▸ **Data**:

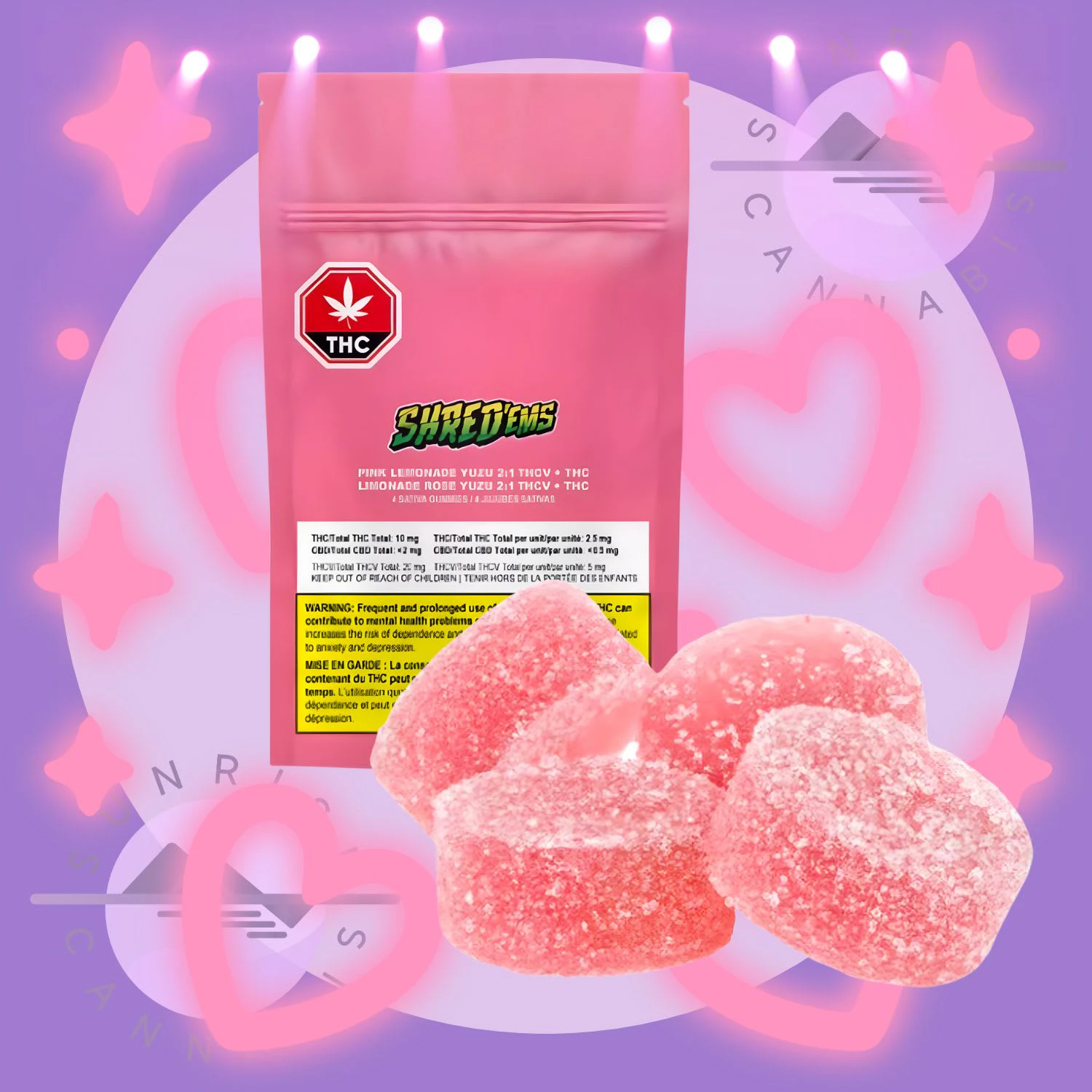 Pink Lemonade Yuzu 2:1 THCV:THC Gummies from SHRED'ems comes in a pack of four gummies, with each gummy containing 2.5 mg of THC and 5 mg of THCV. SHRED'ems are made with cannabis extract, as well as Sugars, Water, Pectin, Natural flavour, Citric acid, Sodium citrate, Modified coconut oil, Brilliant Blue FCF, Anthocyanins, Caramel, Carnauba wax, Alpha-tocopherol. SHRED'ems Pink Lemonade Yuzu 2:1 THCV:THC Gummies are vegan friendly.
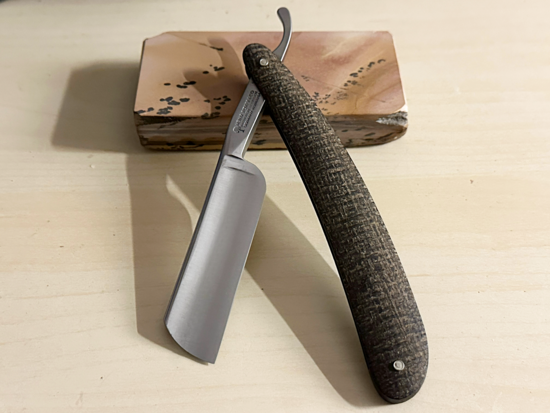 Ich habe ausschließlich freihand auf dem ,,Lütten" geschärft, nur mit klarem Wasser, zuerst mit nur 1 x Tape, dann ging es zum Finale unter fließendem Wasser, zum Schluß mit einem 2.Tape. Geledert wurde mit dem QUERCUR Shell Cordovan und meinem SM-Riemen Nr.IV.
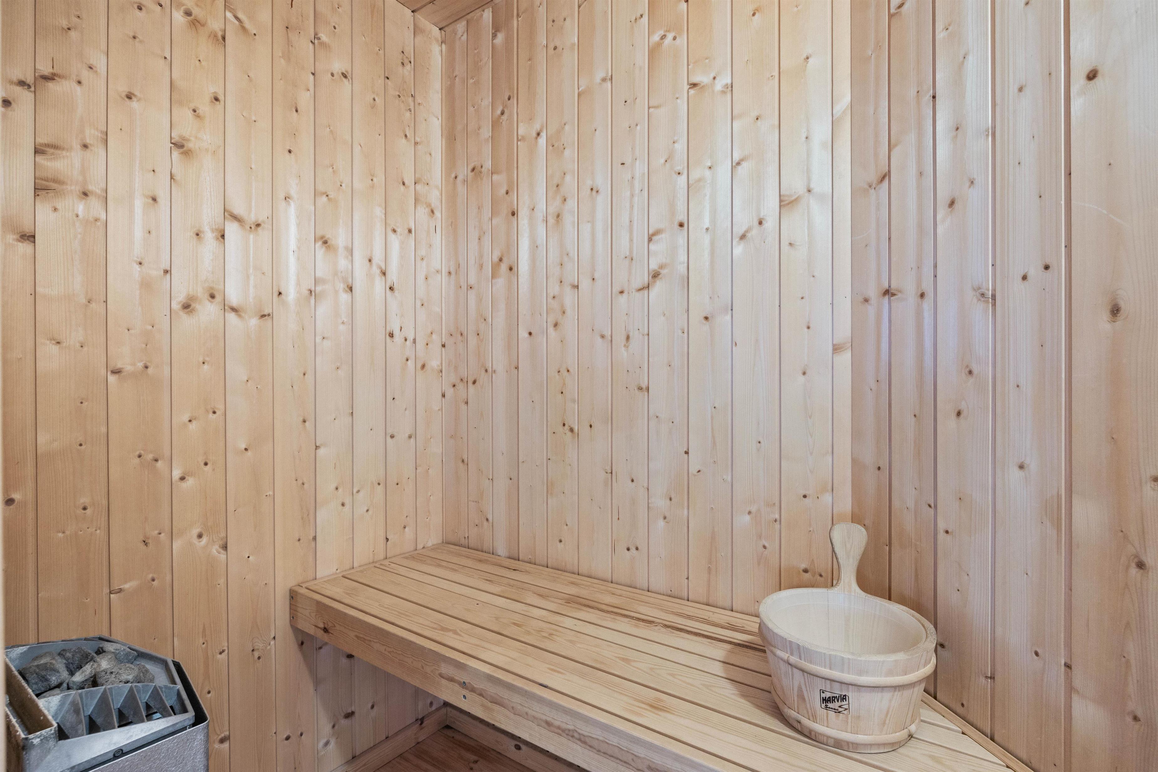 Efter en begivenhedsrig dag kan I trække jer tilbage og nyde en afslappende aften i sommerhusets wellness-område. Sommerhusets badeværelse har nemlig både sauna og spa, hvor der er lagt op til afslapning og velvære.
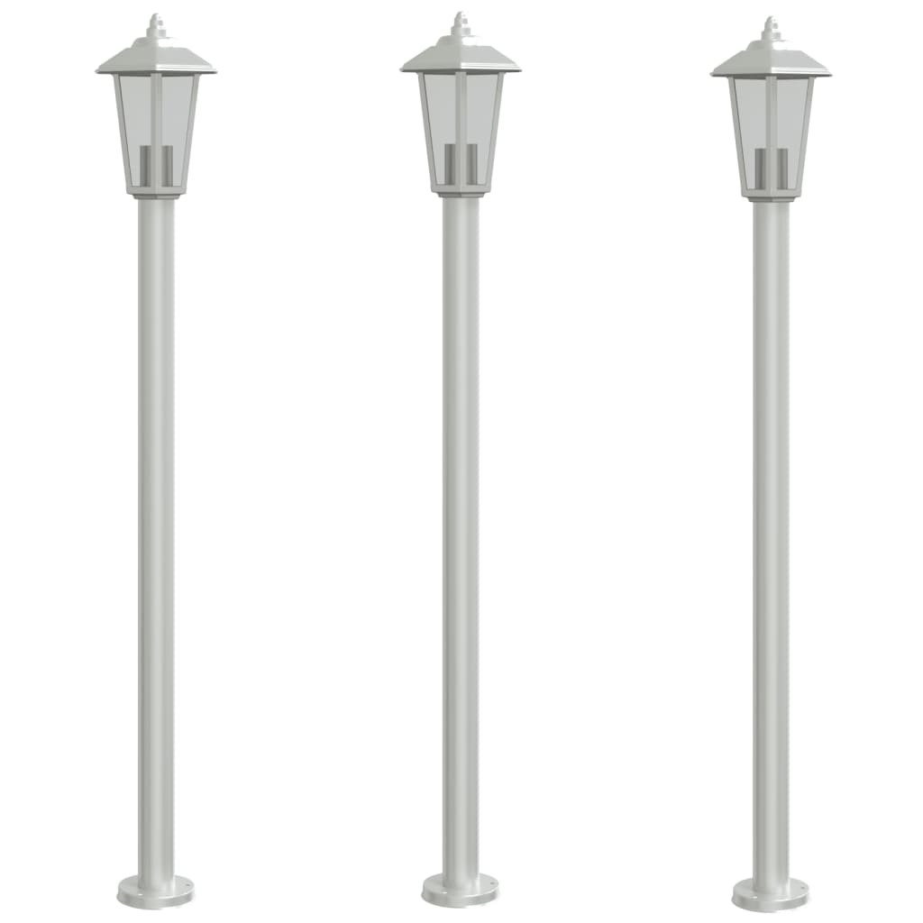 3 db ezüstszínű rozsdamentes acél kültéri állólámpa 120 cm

▸ **Exercise objective**:
An exact, word-for-word version of the material is required, free of pictures.

▸ **Solution**:
 Pink Lemonade Yuzu 2:1 THCV:THC Gummies from SHRED'ems comes in a pack of four gummies, with each gummy containing 2.5 mg of THC and 5 mg of THCV. SHRED'ems are made with cannabis extract, as well as Sugars, Water, Pectin, Natural flavour, Citric acid, Sodium citrate, Modified coconut oil, Brilliant Blue FCF, Anthocyanins, Caramel, Carnauba wax, Alpha-tocopherol. SHRED'ems Pink Lemonade Yuzu 2:1 THCV:THC Gummies are vegan friendly.
 Ich habe ausschließlich freihand auf dem ,,Lütten" geschärft, nur mit klarem Wasser, zuerst mit nur 1 x Tape, dann ging es zum Finale unter fließendem Wasser, zum Schluß mit einem 2.Tape. Geledert wurde mit dem QUERCUR Shell Cordovan und meinem SM-Riemen Nr.IV.
 Efter en begivenhedsrig dag kan I trække jer tilbage og nyde en afslappende aften i sommerhusets wellness-område. Sommerhusets badeværelse har nemlig både sauna og spa, hvor der er lagt op til afslapning og velvære.
 3 db ezüstszínű rozsdamentes acél kültéri állólámpa 120 cm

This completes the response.